ACTIVITY HEADER

 

 

 

Name of Activity Orbits of the Earth, Moon, and Sun
Author Michael Hart, Usula Deelstra
Keywords earth, moon, sun, models, rotation, tilt, relative size, seasons, stars, size, motion
Subject Non-LEGO
Grade Level K, 1, 2, 3, 4, 5, 6
Time 1 Hour Total
Brief Description The class will explore the relation between the Earth, moon, and sun using classroom models.
Lesson Objectives: The Purpose of this activity is to discuss how the Earth, moon, and sun move relative to each other. And to discuss rotation, tilt, and relative size. In regards to relative size, a physical activity is introduced to help enhance the concept of the relation of the Earth, moon, and sun to each other.
Materials Needed: - Balloons.
- Tape Measure.
- Globe.
- Flashlight.
Necessary Background This activity deals with the orbit of the earth around the sun and the orbit of the moon around the earth. It takes the earth one year (365 days) to orbit the sun. At the same time, the earth is rotating about its own axis. The earth makes one complete rotation once a day. The combination of the rotation of the earth, its orbit about the sun, and the earth’s natural tilt cause seasons on the earth. For a more detailed description see http://www.windows.ucar.edu/tour/link=/the_universe/uts/earth3.html. This website contains information about the earth’s orbit, its rotation, and the seasons. Similar to the earth, the moon has an orbit and rotation also. A description of the moon can be found at http://www.windows.ucar.edu/tour/link=/the_universe/uts/moon1.html.

Vocabulary:
Orbit
Tilt
Rotation
Seasons
Earth
Moon
Sun
Stars
Size
Relative
Motion

Procedure
  1. Begin the activity by discussing facts relating to the Earth, moon and sun.
  2. Talk about how the three move relative to each other.
  3. Select three students to imitate the motion of the sun, Earth, and moon.
    1. Have the Earth stand in place and turn around, talk about how one turn is one day.
    2. Have the Earth walk one lap around the sun, imitating the passing of one year on Earth.
    3. Have the student carefully do both movements together.
    4. Next add the moon.

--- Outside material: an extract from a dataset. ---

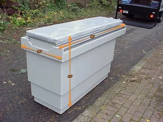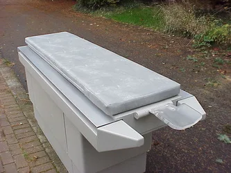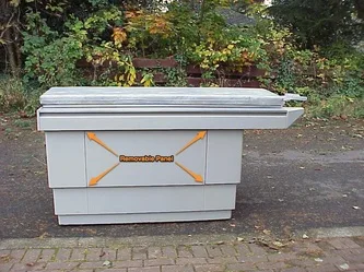 Patient platform - side view. A large panel on this side is designed to be removed to allow a person to be concealed inside the patient platform unit. This individual can then manually move the bed pallet in or out as required to simulate powered operation. (The bed pallet can be easily moved as it rides upon low-resistance bearings.)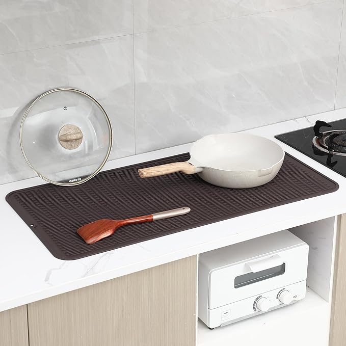Silicone Dish Drying Mat for Multiple Usage,Easy clean,Eco-friendly,Heat-resistant Silicone Mat for Kitchen Counter or Sink,Refrigerator or Drawer Liner Coffee 5XL 36inches x 18inches

Have the moon orbit the Earth, it takes 28 days for the moon to orbit the Earth. During this time we see all the stages of the moon.
    5. Finally, put all the movements together.
  4. Discus the tilt of the Earth, and how it produces seasons.
    1. Turn out the lights. Using the globe and flashlight have one student hold the flashlight representing the sun.
    2. Have a second student walk around the flashlight with the globe.
    3. Show students that as the globe moves around the sun, the northern or southern hemispheres will be tilted towards the sun, these are the different seasons.
  5. Discuss the relative sizes of the sun, moon, and Earth.
    1. The sun is the largest, but to us it appears about the same size as the moon because it is so much farther away.
    2. Have students break into groups of two.
    3. One student will get a small balloon and the other a larger balloon.
    4. The student with the small balloon will tell the student with the large balloon to walk backwards until the balloons appear to be the same size
    5. Finally, ask students to discuss the relationship between the size that an object appears and the distance from you that it is. Finally, explain that we “built” our own models today to explore the motion of the planets, engineers use models to understand systems like the solar system that are too big to make life-sized models to study.